Clinical Trial Specialist
BioMarin’s Research & Development group is responsible for everything from research and discovery to post-market clinical development. Research & Development involves all bench and clinical research and the associated groups that support those endeavors. Our teams work on developing first-in-class and best-in-class therapeutics that provide meaningful advances to patients who live with rare diseases. Come join our team and make a meaningful impact on patients’ lives.
The Sr. Clinical Trial Specialist performs essential responsibilities for successful trial execution at BioMarin. The Sr. Clinical Trial Specialist takes on the key role of Study Specialist, contributing to tasks related to site management and/or study management and oversight activities as delegated by SETL, Study Operations Lead (SOL), or Regional Operations Lead (ROL). This may include contributing to and/or supporting study matters that impact study timelines, quality and budget.
The Sr. Clinical Trial Specialist can be partly or fully responsible for the following areas depending on his/her level of proficiency.
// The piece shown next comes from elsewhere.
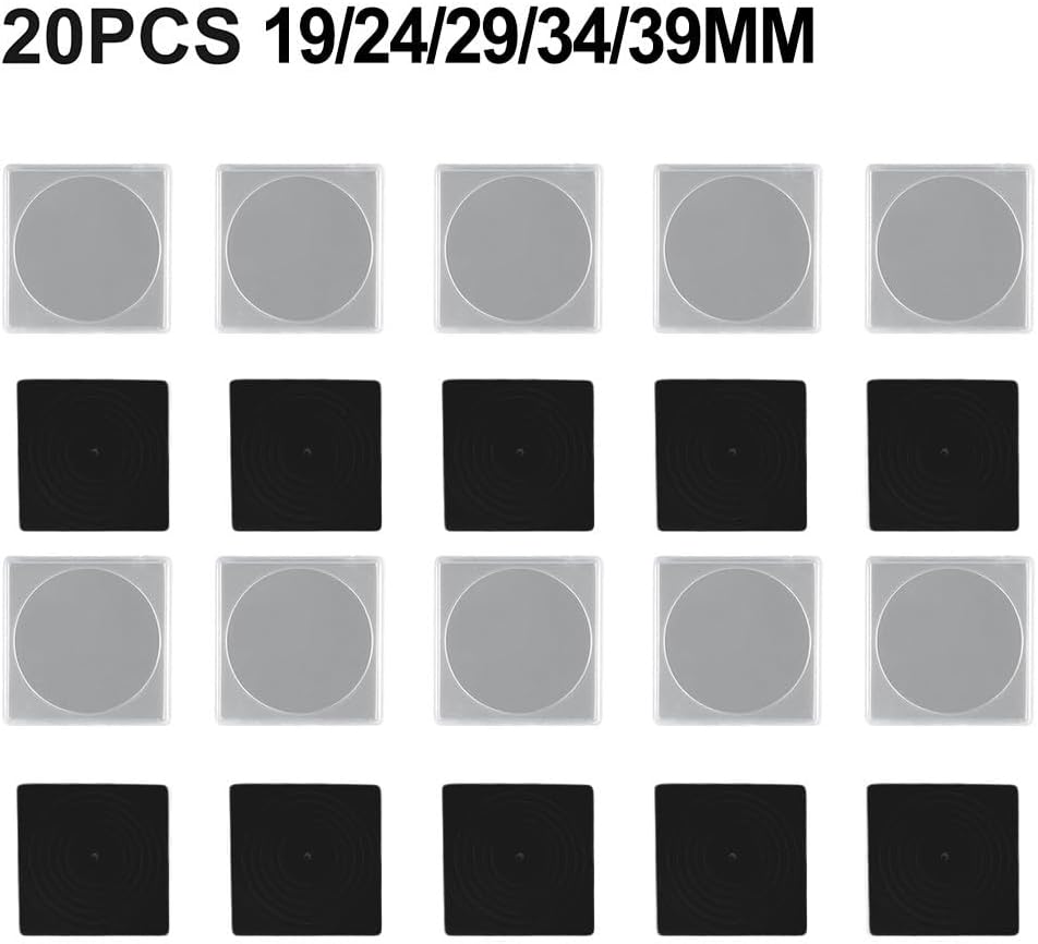 Utile raccolta e protezione delle monete: questa scatola è progettata per raccogliere e proteggere efficacemente le monete. Fornisce una soluzione di archiviazione sicura per la tua collezione di monete. Durevoli e resistenti ai graffi: realizzati con materiali plastici ispessiti, questi portamonete quadrati sono altamente durevoli e resistenti ai graffi. Per garantire una protezione duratura per le tue preziose monete. Fodera in schiuma regolabile: ogni portamonete è dotato di un rivestimento in schiuma regolabile, che garantisce una vestibilità sicura e riduce al minimo i movimenti. Il rivestimento in schiuma aggiunge un ulteriore strato di protezione per le monete. Adatto per monete di dimensioni: questi porta capsule sono progettati per ospitare monete con diametri che vanno da 16 mm a 40 mm. Offrono versatilità e possono contenere monete di varie dimensioni in modo sicuro. Design trasparente e compatto: le capsule trasparenti per monete consentono una facile identificazione e visualizzazione delle monete. La dimensione compatta della scatola di 8 4,8 0,7 cm lo rende comodo per lo stoccaggio e il trasporto.

Responsibilities may include, but are not limited to:
- Ensure TMF filing and maintenance is done routinely by Clinical Trial Assistant (CTA)
- Contribute to the development of vendor specific timelines ensuring alignment with study level timelines
Contracts & Budgets:
- Review and approve invoices for assigned vendors
- Review investigator payment: site setup, pass-through processing, visit payment processing and funding processing in collaboration with DrugDev
Clinical Operations Managed Vendors & CRO:
- May participate in vendor selection
- Escalate vendor performance and quality issues to the SOL
Protocol & Informed Consent Form (ICF) Development Process:
- Create and maintain tracker for future amendment changes
- Actively contribute to the review of any changes to the ICF Master
- Ensure alignment of country/site specific ICFs with ICF Master
Study Start Up:
- Manage activities related to Startup as delegated by the SOL
- Develop study specific documentation as delegated by the SOL
- Confirm that all site level documents have been collected to support site initiation
- Contribute to the IP release process
- Ensure timely study entry and updates to ClinicalTrials.gov
Study Conduct And Close-out:
- Provide vendor status updates to the Study Operations Lead
- Identify and escalate issues relating to study delivery, timelines and site budget to Study Operations Lead
- Support study close-out activities (sites, reconciliation activities, filing & archiving)
- Participate in data listing reviews
- Facilitate timely delivery of clinical documents for the CSR and appendices
- Ensure an insurance policy is in place for the country and, if applicable, the individual clinical trial sites associated with the protocol and protocol amendments
- Ensure the required information/documents needed to obtain insurance are made available to CTA
- Oversee extensions of expiring policies and processing of certificates, as appropriate
Drug or Investigational Product (IP):
- Support SOL to ensure timely delivery of IP to the sites in collaboration with Clinical Supply Chain (CSC) representative
- Ensure that CRO/sites are clear on how IP is to be handled according to pharmacy manual
Clinical Governance / Team Membership and Leadership:
- Attend internal Clinical Operations team meetings, attend vendor meetings as appropriate, based on assignments from SOL
Ad hoc attendance at SET Meetings
The Clinical Trial Specialist is expected to be in the process of developing foundational competence in critical areas required for long term success in Clinical Operations across Communication and Collaboration, Proactivity and Adaptability, Strategic Thinking, Planning and Analysis, and Problem solving and Decision Making. For example:
- Responds promptly with clear, organized written and oral communication
- Seeks out, and understands the value of, opportunities to interact with peers and stakeholders; builds a network of internal and external peers
- Takes ownership and accountability for completing assigned tasks and perseveres through obstacles
- Embraces new challenges or changed priorities and adjusts plans and priorities accordingly
The Sr. Clinical Trial Specialist is also in the process of developing foundational technical competence in Study Management and Execution, Compliance and Quality, Drug Development and Study Design, and Product and Therapeutic Area Knowledge.Education
BA/BS or higher in nursing, life or health sciences is preferred. Industry or relevant experience in lieu of education is considered.
3+ years pharmaceutical industry experience
The employee may frequently be required to sit and talk or hear. The employee is occasionally required to stand; walk; use hands to finger, handle, or feel; reach with hands and arms; climb or balance; stoop, kneel, crouch, or crawl and taste or smell. The employee must occasionally lift and/or move up to 20 lbs. Specific vision abilities by this job include close vision, depth perception and ability to adjust focus.
Some travel may be required.
We are an equal opportunity employer and all qualified applicants will receive consideration for employment without regard to race, color, religion, gender, gender identity, sexual orientation, national origin, disability status, protected veteran status, or any other characteristic protected by law.